Tuesday 15 December 2009

State for hire

One of the first places I knew I wanted to write about in my smash-hit non-fiction sensation Whatever Happened to Tanganyika? (now storming the charts in paperback) was the Republic of Nauru, once known as Pleasant Island. With phosphate reserves more or less exhausted and (forgive me Nauru) a tradition of government more hapless and inept than anything our own dear PM could be accused of, it has had to turn to more and more wacky ways to raise income. Nowadays it seems have resorted to (forgive me again) prostituting its sovereign status to the highest — or just the latest — bidder, becoming a pawn in superpower propaganda battles by conferring its official recognition on disputed nations like Kosovo, South Ossetia and Abkhasia.

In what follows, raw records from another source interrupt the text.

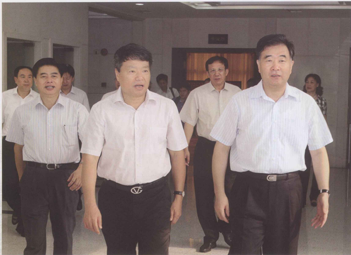
2010年9月6日，中共中央政治局委员、广东省委书记汪洋在广州会见前来广东调研考察的国土资源部部长、国家土地总督察徐绍史一行。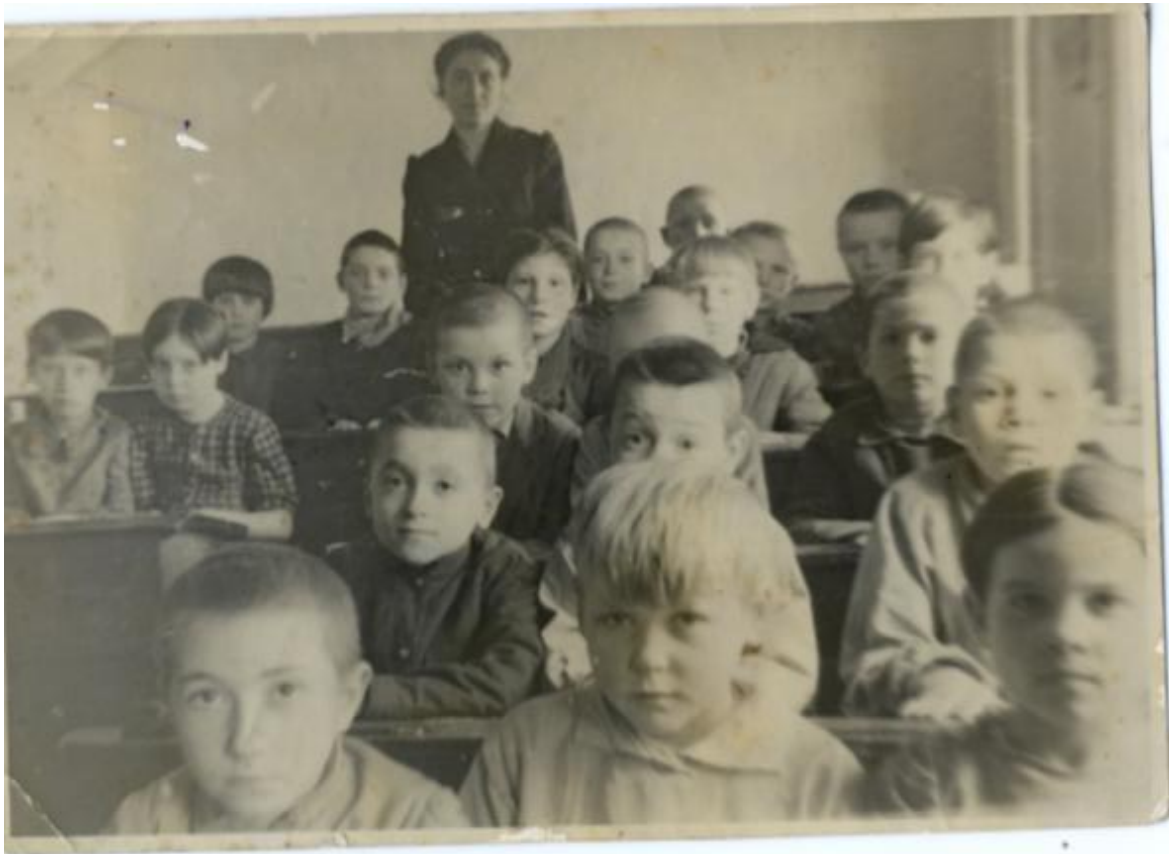
Урок во 2-ом классе 1946 год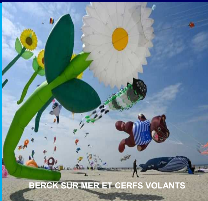
BERCK SUR MER ET CERFS VOLANTS

Spectacle de Danse ZEPHYR, (uniquement pour les actifs), samedi 15 juin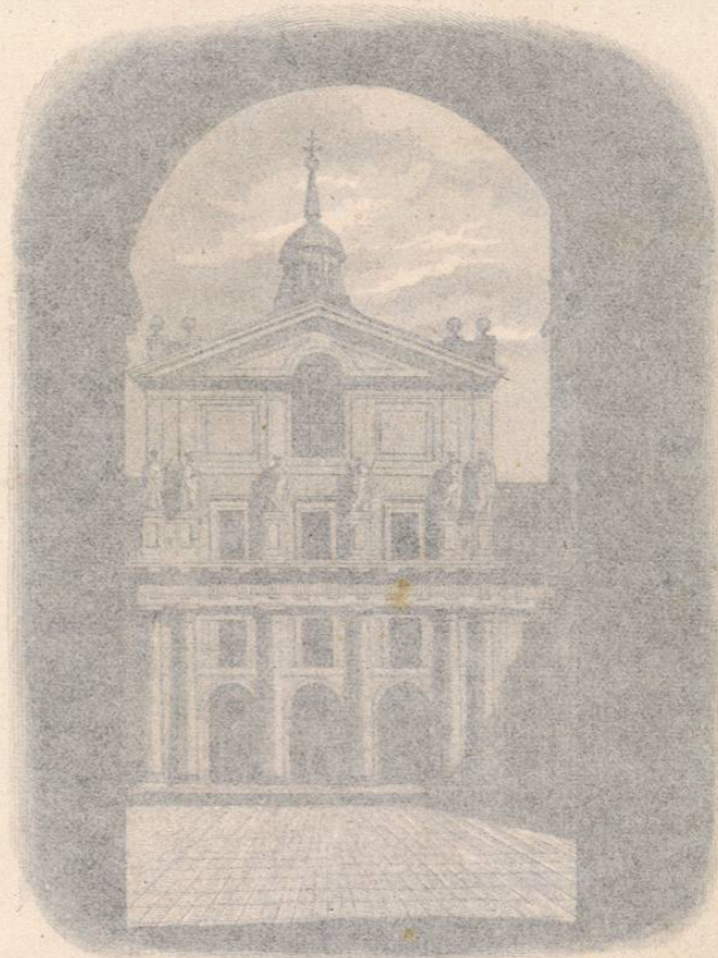
Fachada del templo del Exorcisat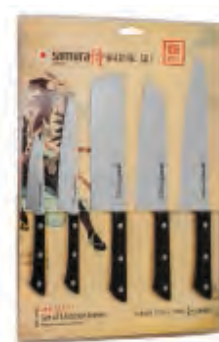
SHR-0250B НАБОР ИЗ ПЯТИ НОЖЕЙ SHR-0011B, SHR-0023B, SHR-0043B, SHR-0085B, SHR-0095B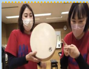
配信した動画の一場面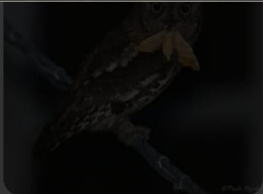
BioDiversity4All Mocho-d'orelhas (Otus sc...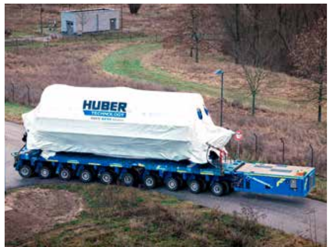
Transport eines Scheibentrockners zum Aufstellungsort.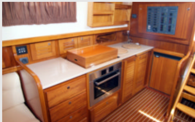
La cocina es amplia y está bien equipada.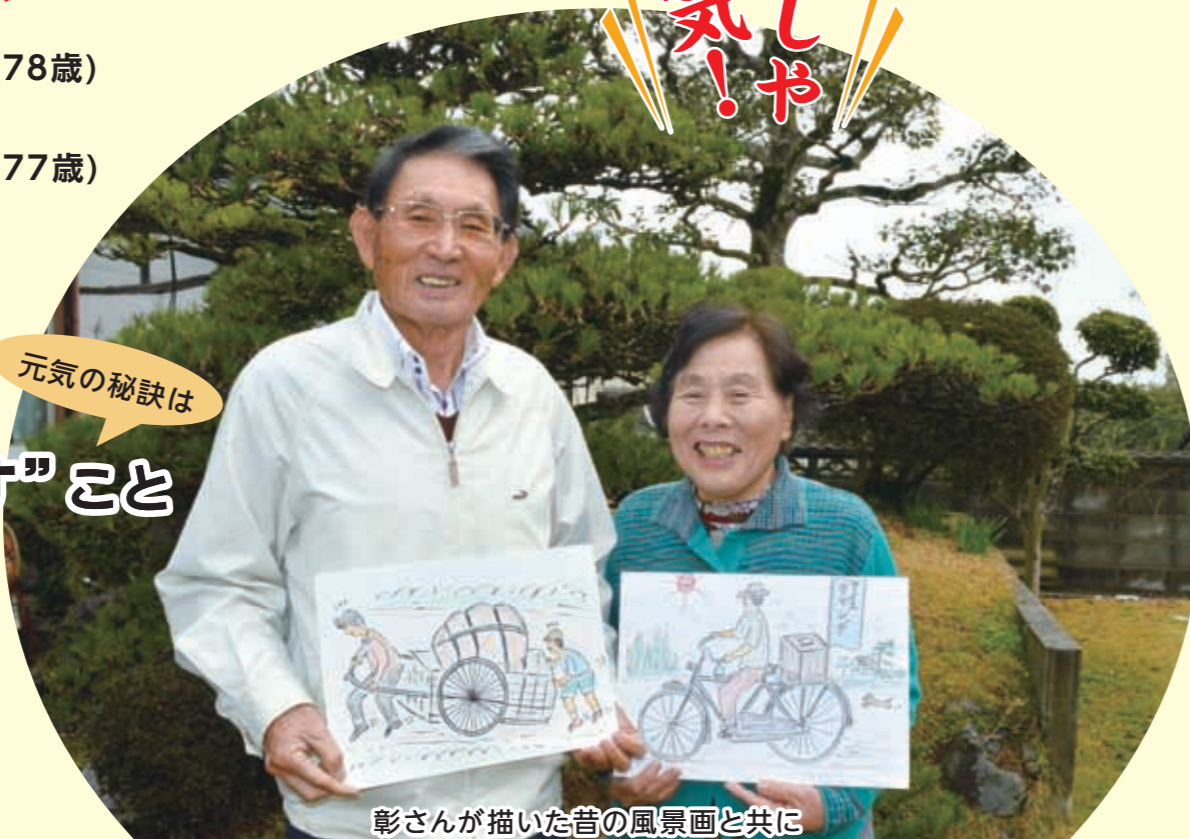
彰さんが描いた昔の風景画と共に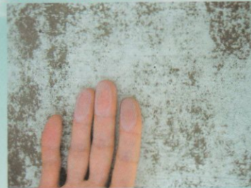
手に粉がつく場合 →増し塗りを実施してください。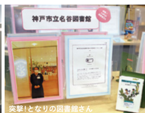
突撃!となりの図書館さん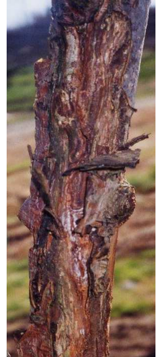
ナシ樹の主幹部に発生した胴枯性病害

According to the Guardian, and indeed the Telegraph (or rather some anonymous stringer whose words were presumably copied and pasted by both papers), “In July 2002, Nauru accepted $130m from China to de-recognise Taiwan only to re-recognise it in 2005 after apparently receiving another, better offer.” Forgive me one last time, Nauru, but does “obscure microstate agrees to recognise obscure disputed territory, for money” really bring any kudos to either party? Then again who cares, it’s among the more harmless ways they’ve found of raising some much-needed cash.

(On the more mysterious question of how Nauru could remind even the most desperate and deadline-addled journalist of “a small dinner plate dropped into the gleaming South Pacific”, I have nothing to offer.)